Five qualities that annoy your friends, but will make you a great editor
Reference & Education → Language
- Author Amanda Wood
- Published July 6, 2017
- Word count 454
The world doesn’t like having it’s grammar corrected. ("Its", you say? What’s the bloody difference, you got the message, right?)
If you’re like most language geeks, you’ve been called a Grammar Nazi, banned from forums for pointing out too many language errors, and maybe even compared to Sheldon Cooper.
But here’s the good news – when people need to write that super-impressive job application or essay, you’re going to be everybody’s new best friend (and proofreader).
So this is the test of your talent – have you annoyed your friends by doing all of the five things below? If you have, whip out that red pencil and put on your best intellectual frown – you’re a born editor!
- Correcting people’s grammar instead of responding to what they’re saying.
People get seriously mad when they send you a text message and get your proofreading services instead of a reply. But one day, there going to love you for knowing their’s a mistake in they’re sentences.
The five habits of highly effective grammar nazis. Habit one: Correcting people’s grammar instead of responding to what they’re saying.
- Pointing out language errors in rather inappropriate situations.
If the author of Roses are Red had written the world’s most famous love poem for a language geek…
"Thanks for the love poem, but violets aren’t really blue. They’re, um, violet. Hence the name."
Well, the poet might have ended up writing a much better poem – but about unrequited love!
- Being way too exact. To be precise, we mean being extremely and often excessively meticulous and detailed.
This is why people might compare you to Sheldon Cooper – you want words to say very exactly what they mean, or mean very exactly what they say (we can’t figure out which of the two is more very exact).

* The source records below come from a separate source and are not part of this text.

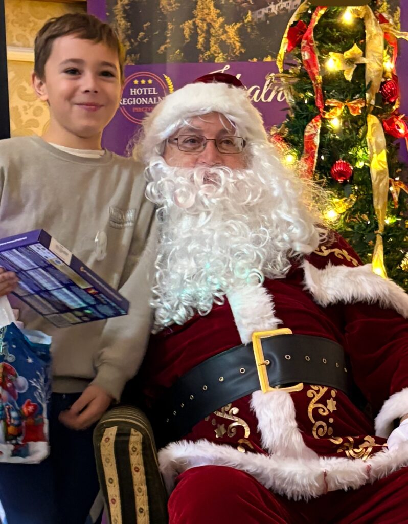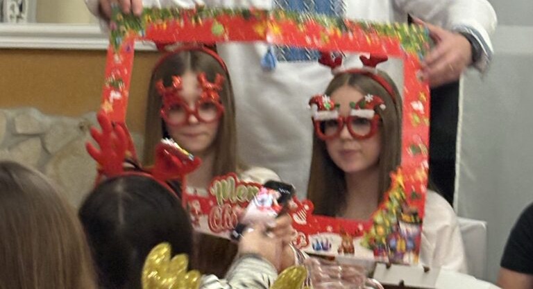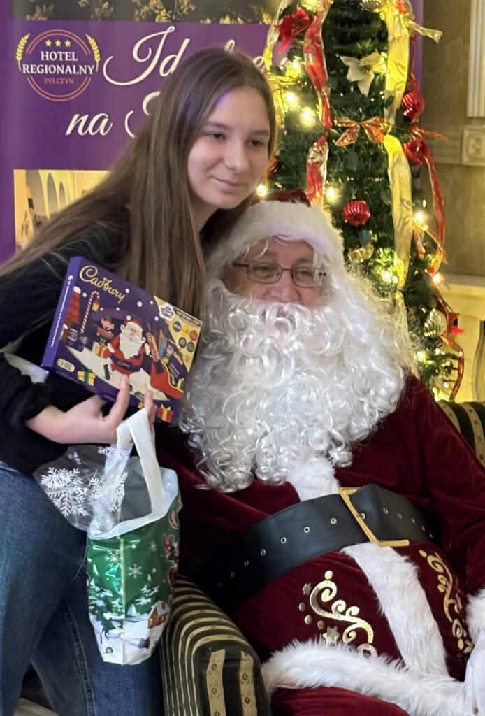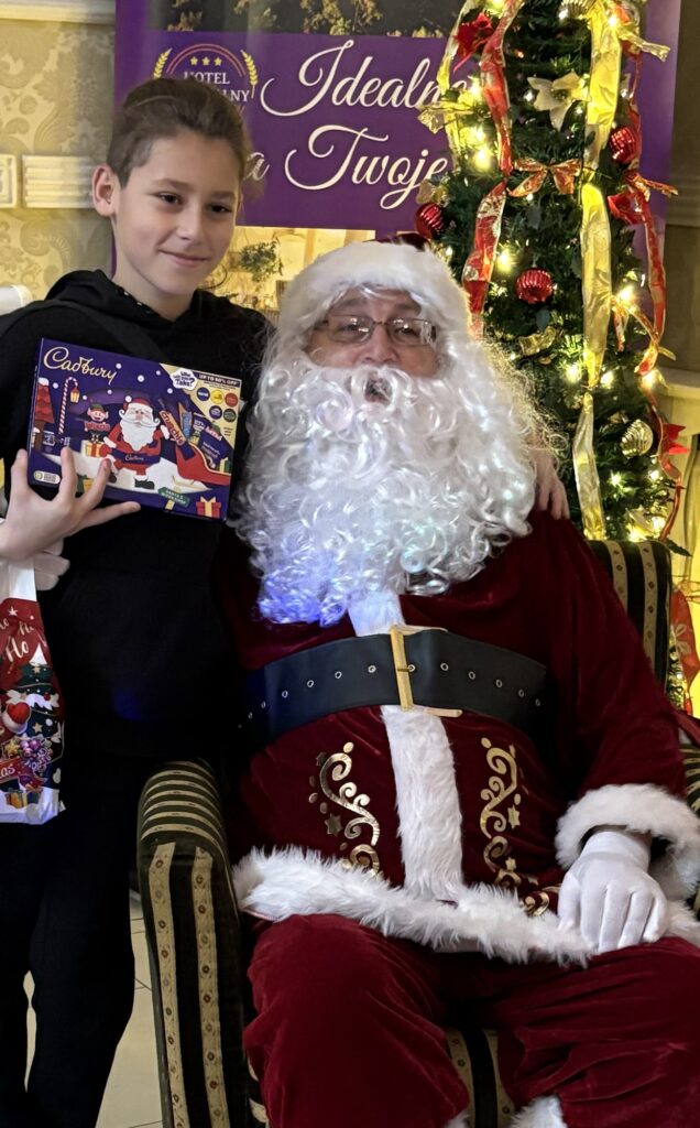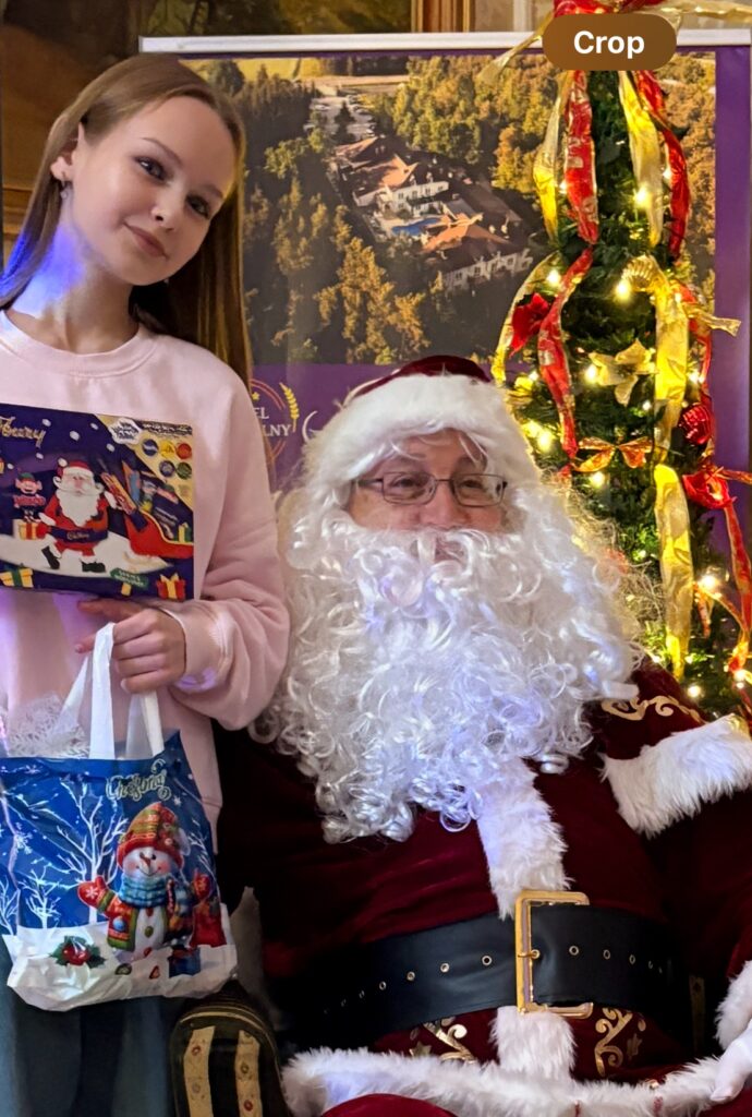 “His eyes how they twinkled, his dimples how merry….“ He came with a bag of little presents and a chocolate selection box for each child. And while they knew that it was Michael there was an adorable sense of suspended disbelief amongst the youngest!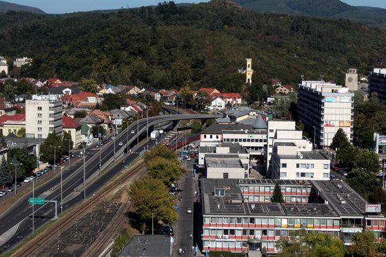 Egy régebbi felvétel a városközpontról. A bal irány felé mepillantható a JAMKK ( József Attila Művelődési Konferencia Központ ), valamint ha a bal - felső sarok felé nézünk, megtalálhatjuk a Kistarján - utat is.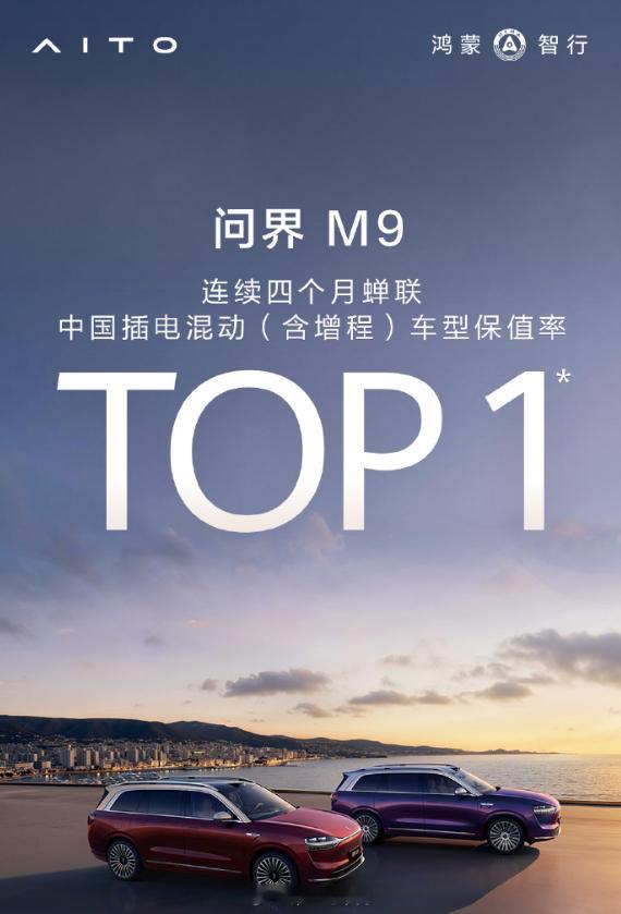 问界M9连续四个月蝉联中国插电混动(含增程)车型保值率TOP1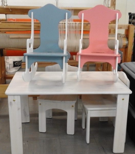 ![]() | ![]() Lasten keinu, väri valinnan mukaan, hinta 45 €. Lasten pöytäkalusto (pöytä ja kaksi tuolia, valkoisena, hinta 120 € |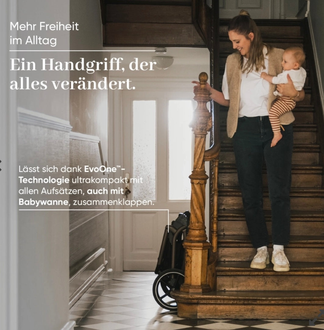 ✓ Kompakt faltbar, sogar mit Babywanne – dank patentierter EvoOne™ Technologie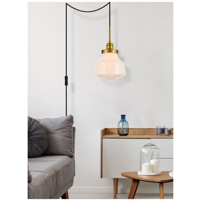 The Lyle Collection is a stunningly functional, yet simplistically lovely light. The geometric shade creates a clean form that will fit well in any space, large or small. Its versatile simplicity allows for this fixture to blend in well with the rest of your room, while still maintaining its own bright personality. Hanging from a 15 foot plug in black cord, it'll always be the perfect height for your dining room table or study space. Available in a black or brass finish, and a clear bubble or frosted white shade, let this pendant lamp illuminate your room (light bulbs not included). Simply hang this piece on the provided swag hooks and plug it in for an effortlessly easy installation - can be hung from a sloped or vaulted ceiling.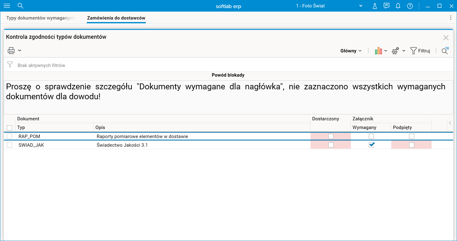 Obydwa szczegóły wyświetlają listę kontrolną dokumentów (załączników) wymaganych do zatwierdzenia zamówienia lub przyjęcia zewnętrznego. Pozwalają na odznaczenie na liście dokumentów, które zostały dostarczone. Dokumenty mogą być wymagane dla nagłówka dowodu (szczegół Dokumenty wymagane dla nagłówka) lub dla jego pozycji (szczegół Dokumenty wymagane dla linijek – lista dokumentów zależy wtedy od towaru znajdującego się na danej pozycji).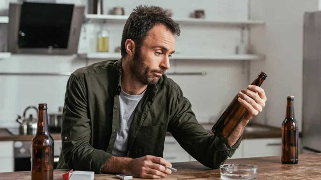 Чоловік із пляшками алкоголю. Фото ілюстративне: depositphotos.com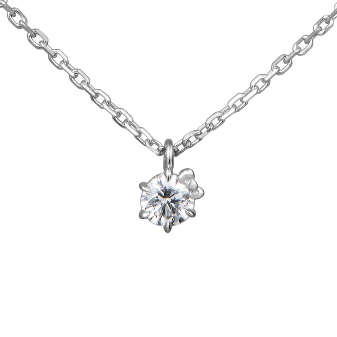 シンプルな透明石のネックレスにハローキティのリボンをデザイン。世界中から愛されるハローキティのように、キラキラとまぶしく輝き続けることを願って。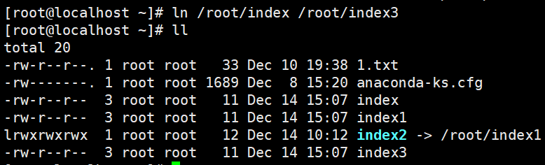 创建硬链接的命令 ln [原文件路径] [新文件路径]。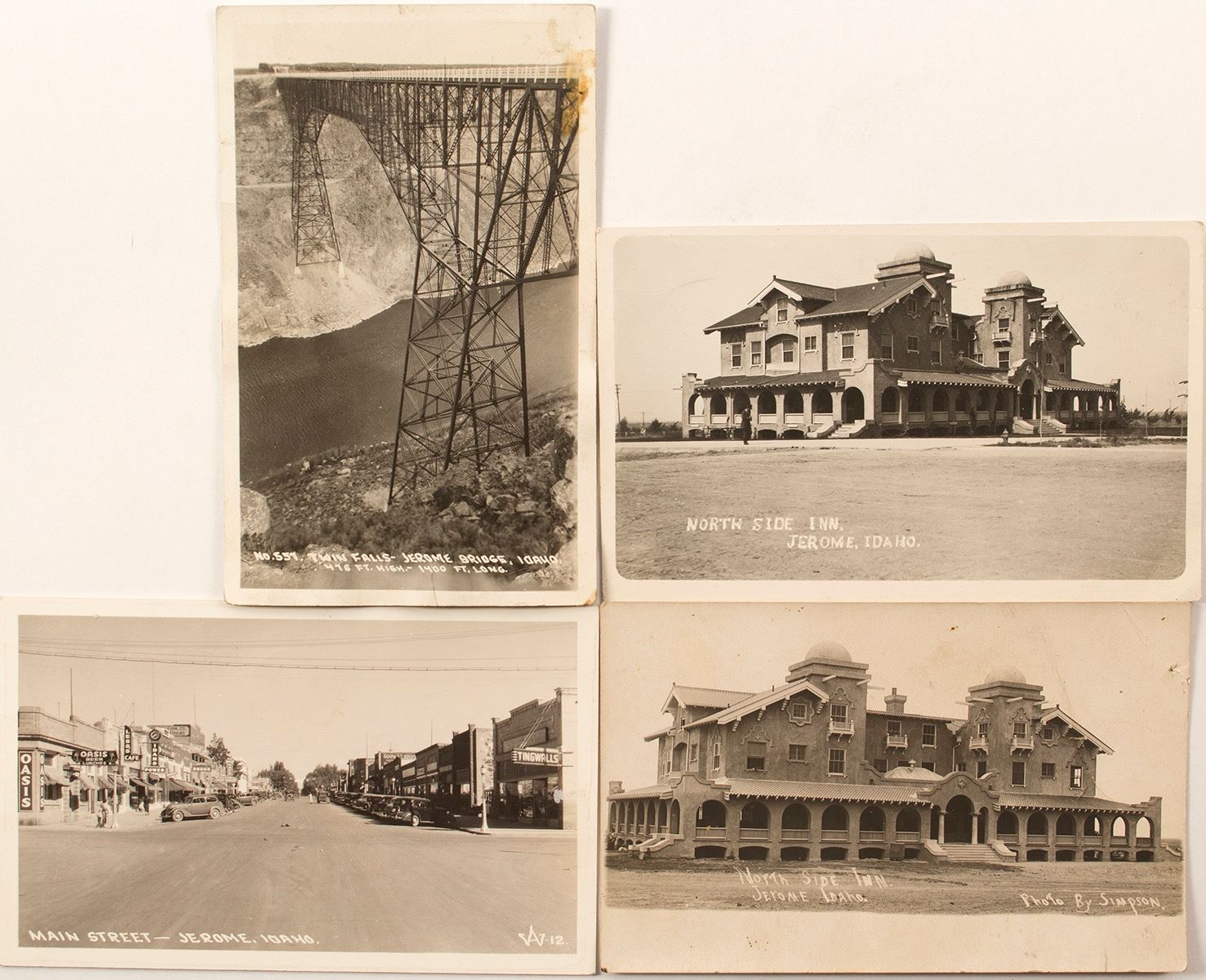 Two Northside Inns. One photo taken by Simpson. Twin Falls to Jerome Bridge, Number 'W12.'. Main Street. Date: 1929-1943 Location: Jerome, Idaho HWAC# 54523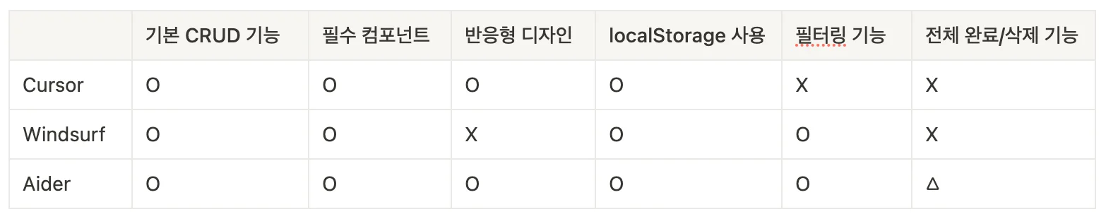 AI 코딩 도구 개발 결과 비교\:\ Cursor, Windsurf, Aider
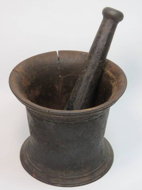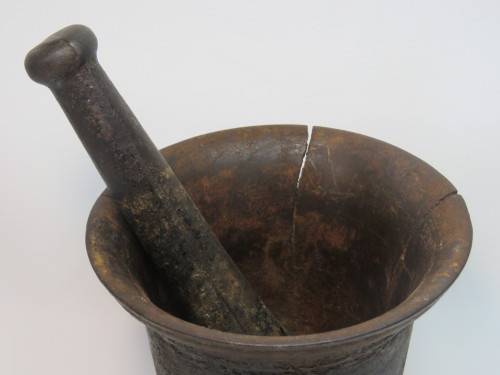 Cast iron mortar and cracked pestle - Mortar cracked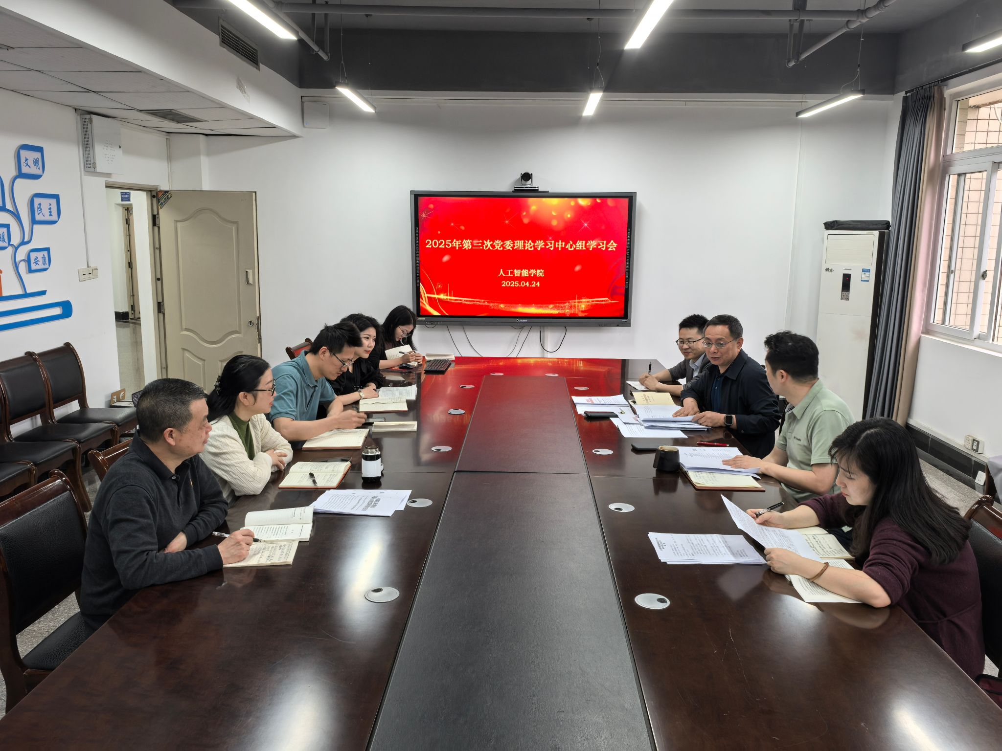 4月24日,人工智能公司党委在慧智楼90810会议室开展党委理论学习中心组2025年第三次集体学习会暨深入贯彻中央八项规定精神学习教育读书班集中学习。公司党委理论学习中心组成员参加了会议,副经理范兴容同志列席了会议,会议由何希平书记主持。
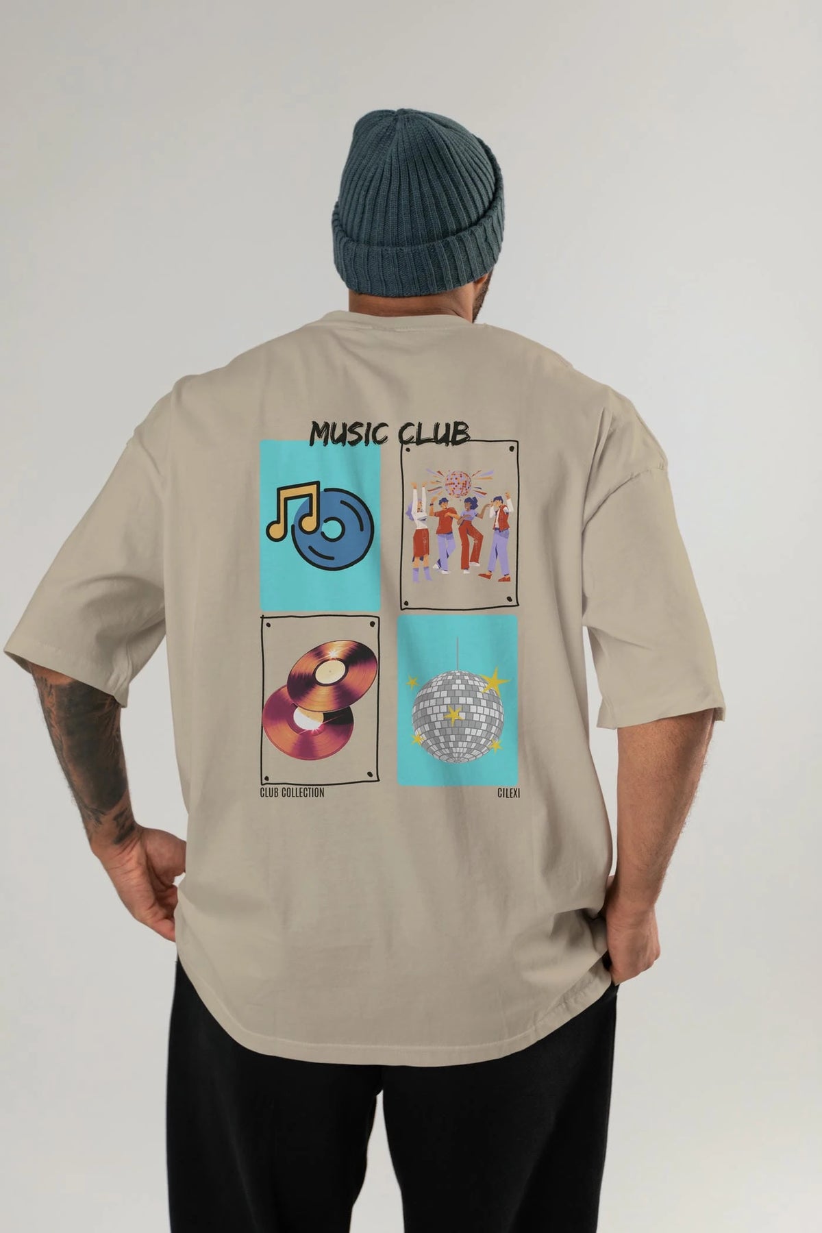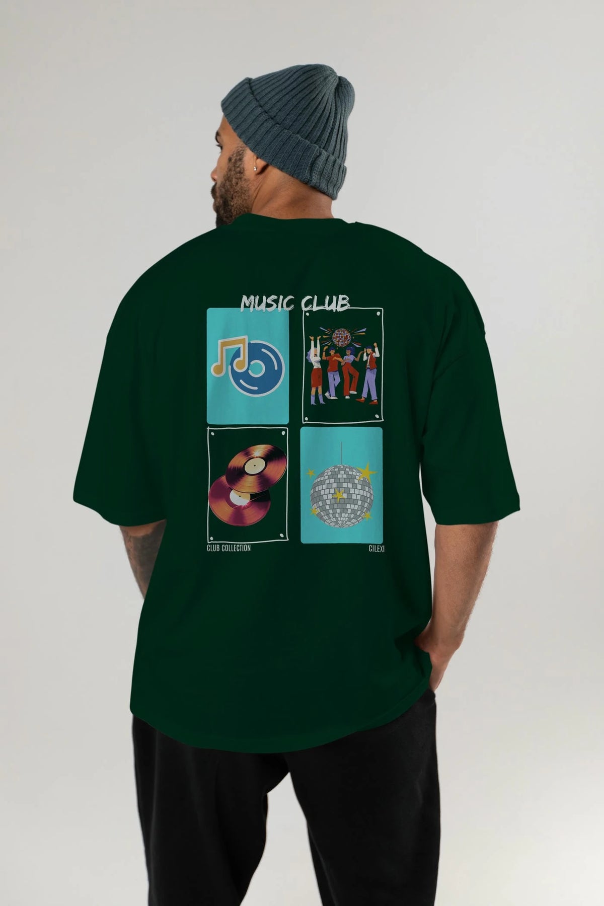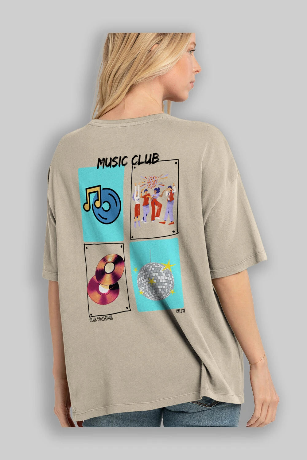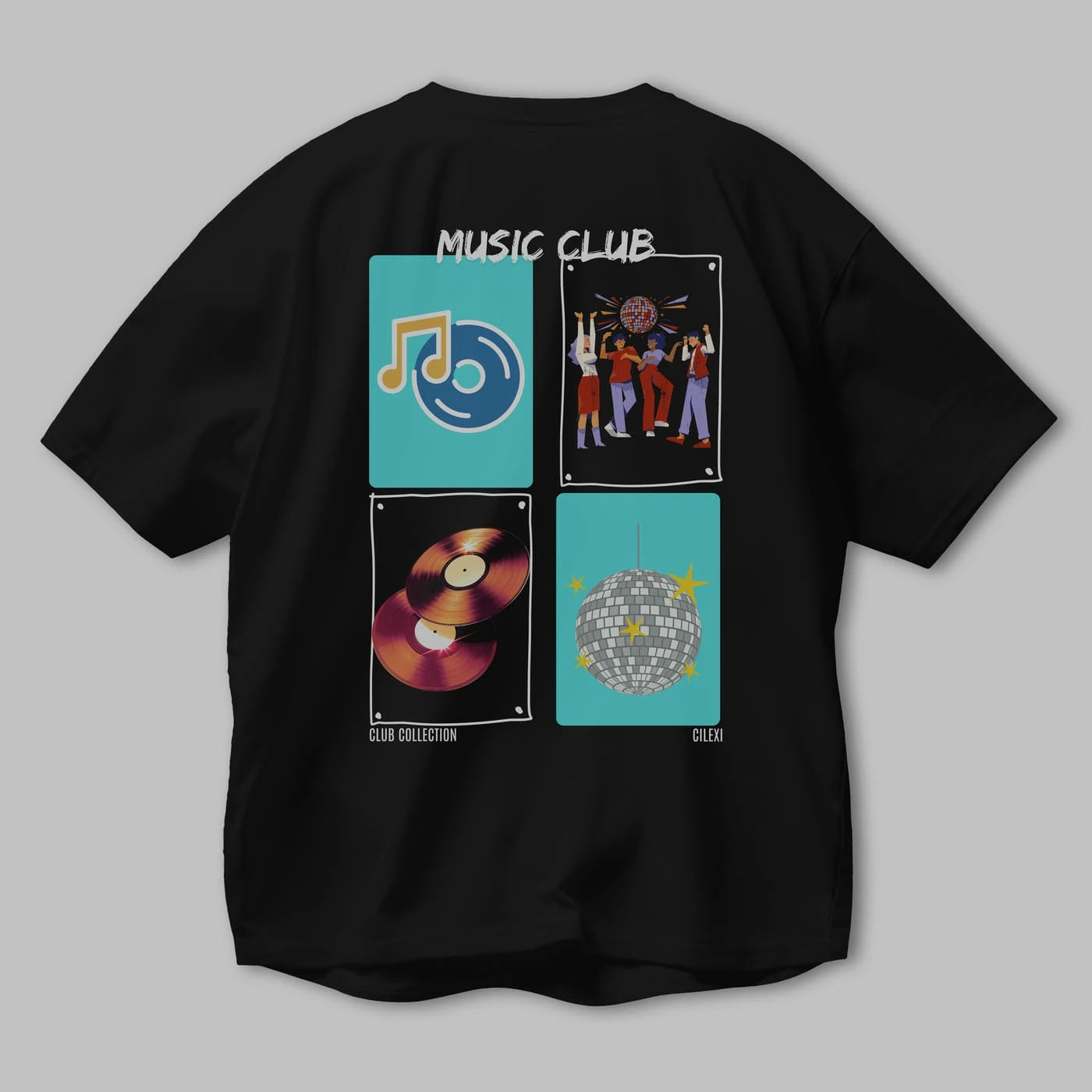 Music Club Arka Baskılı Oversize t-shirt Erkek Kadın %100 Pamuk Bisiklet Yaka tişort

- Correcting errors in public places.
Watching you in action as a grammar policeman or policewoman can be embarrassing for some people, particularly when championing the cause of good language involves
- Making people uncomfortable by being extremely well-spoken all the time.
Being well-spoken is a huge asset when you’re editing or proofreading people’s important documents, but it’s likely to annoy your friends if you do it all the time. Doing it all the time includes telling jokes like:
– Knock, knock.
– Who’s there?
– To.
– To who?
– No, to whom.
And now, potential great editors, here is the final and ultimate test of your grammar geekhood. If you laugh within three seconds of reading the line below, PaperTrue welcomes your résumé.
What do you get when you cross a joke with a rhetorical question?